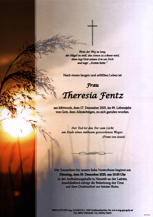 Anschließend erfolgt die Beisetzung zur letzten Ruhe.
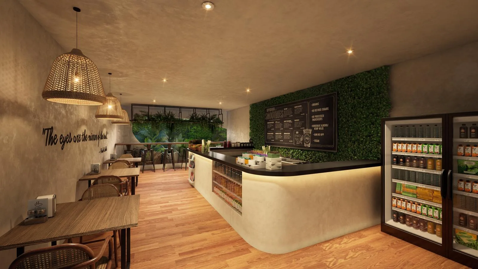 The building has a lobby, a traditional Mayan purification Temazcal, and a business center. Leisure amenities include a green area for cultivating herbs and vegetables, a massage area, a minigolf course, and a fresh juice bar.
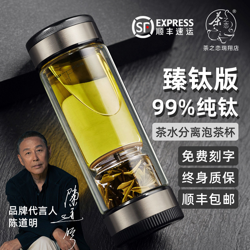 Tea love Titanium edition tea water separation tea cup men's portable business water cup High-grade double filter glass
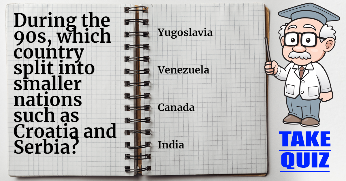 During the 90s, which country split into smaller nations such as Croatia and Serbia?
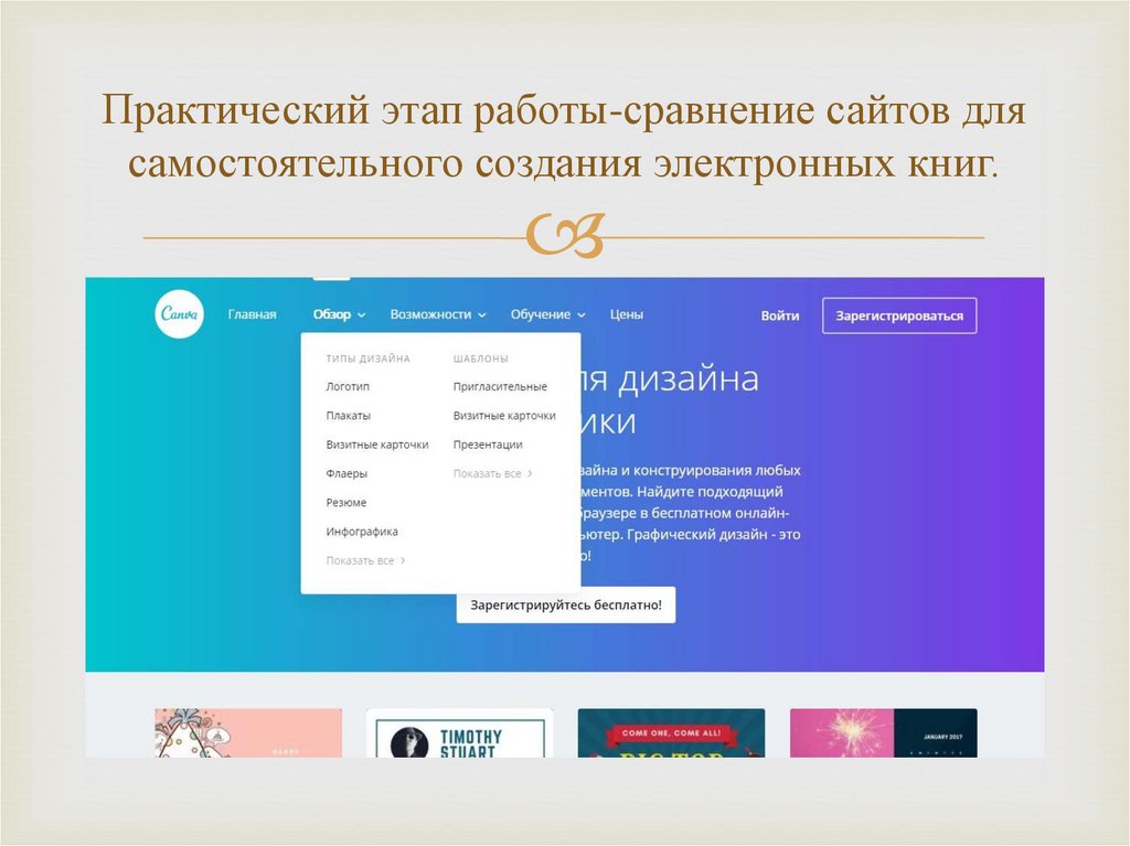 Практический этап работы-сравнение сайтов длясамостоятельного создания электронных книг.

_ _ _

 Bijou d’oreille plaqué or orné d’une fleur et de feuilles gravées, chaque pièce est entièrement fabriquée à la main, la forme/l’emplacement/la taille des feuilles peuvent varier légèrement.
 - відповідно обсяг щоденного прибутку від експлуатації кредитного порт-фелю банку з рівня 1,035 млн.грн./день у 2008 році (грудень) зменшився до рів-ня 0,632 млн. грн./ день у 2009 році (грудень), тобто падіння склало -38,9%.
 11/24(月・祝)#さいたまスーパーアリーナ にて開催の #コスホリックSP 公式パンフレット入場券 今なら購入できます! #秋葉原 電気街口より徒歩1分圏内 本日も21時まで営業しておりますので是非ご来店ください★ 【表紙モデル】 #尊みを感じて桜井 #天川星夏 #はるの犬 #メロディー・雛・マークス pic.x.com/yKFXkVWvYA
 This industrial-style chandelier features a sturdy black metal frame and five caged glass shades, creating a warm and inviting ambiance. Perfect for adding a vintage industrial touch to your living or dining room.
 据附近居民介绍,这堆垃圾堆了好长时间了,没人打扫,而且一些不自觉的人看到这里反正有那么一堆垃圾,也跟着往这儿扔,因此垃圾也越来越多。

_ _ _

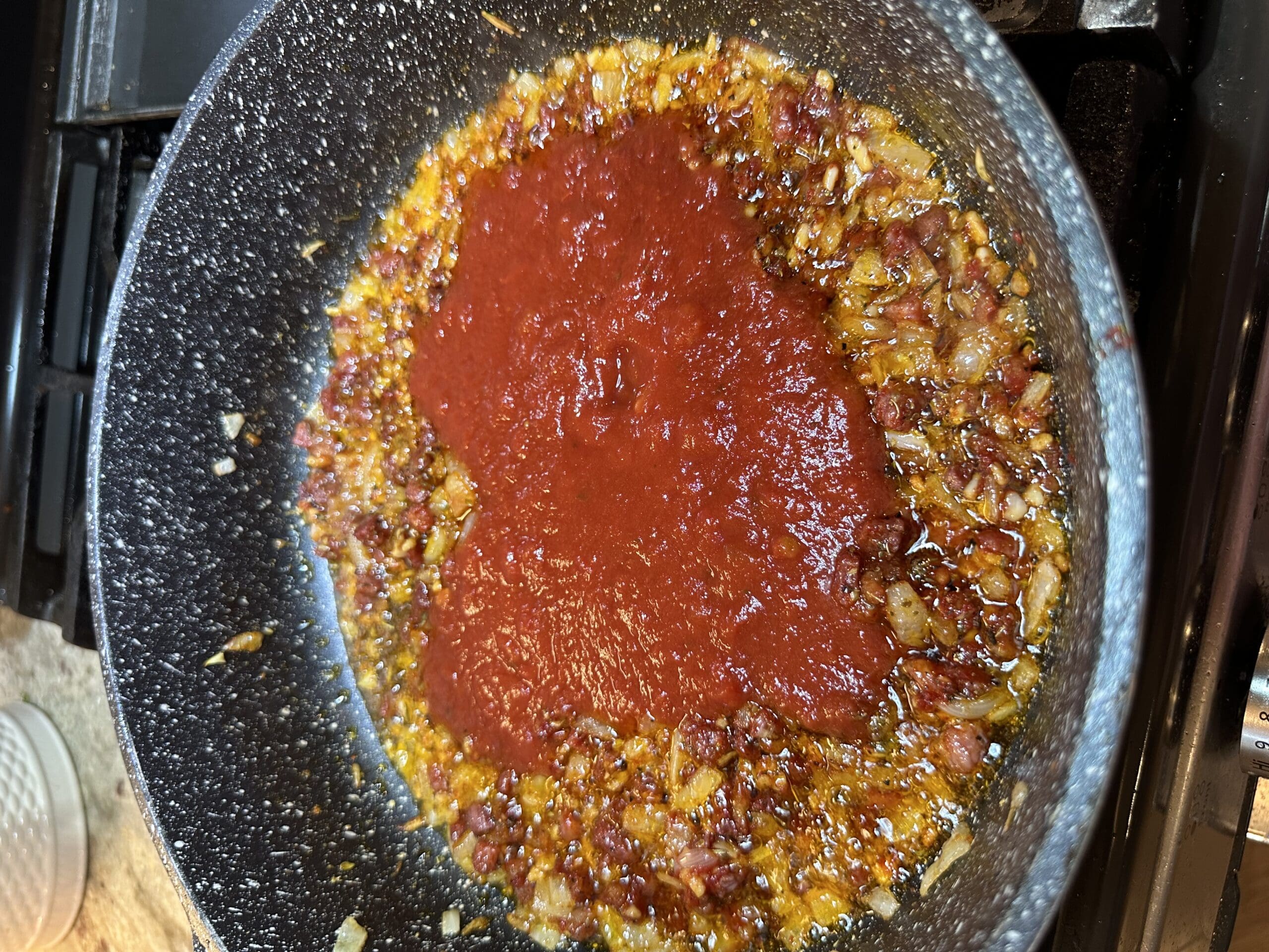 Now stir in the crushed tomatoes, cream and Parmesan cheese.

_ _ _

## DIRECTIONS
What is wanted is an exact copy of the lines above from the one containing "Tea love Titanium" through the one containing "Практический этап работы-сравнение", with no pictures in it.

## RESULT FOR THIS EXERCISE
 Tea love Titanium edition tea water separation tea cup men's portable business water cup High-grade double filter glass
 During the 90s, which country split into smaller nations such as Croatia and Serbia?
 Практический этап работы-сравнение сайтов длясамостоятельного создания электронных книг.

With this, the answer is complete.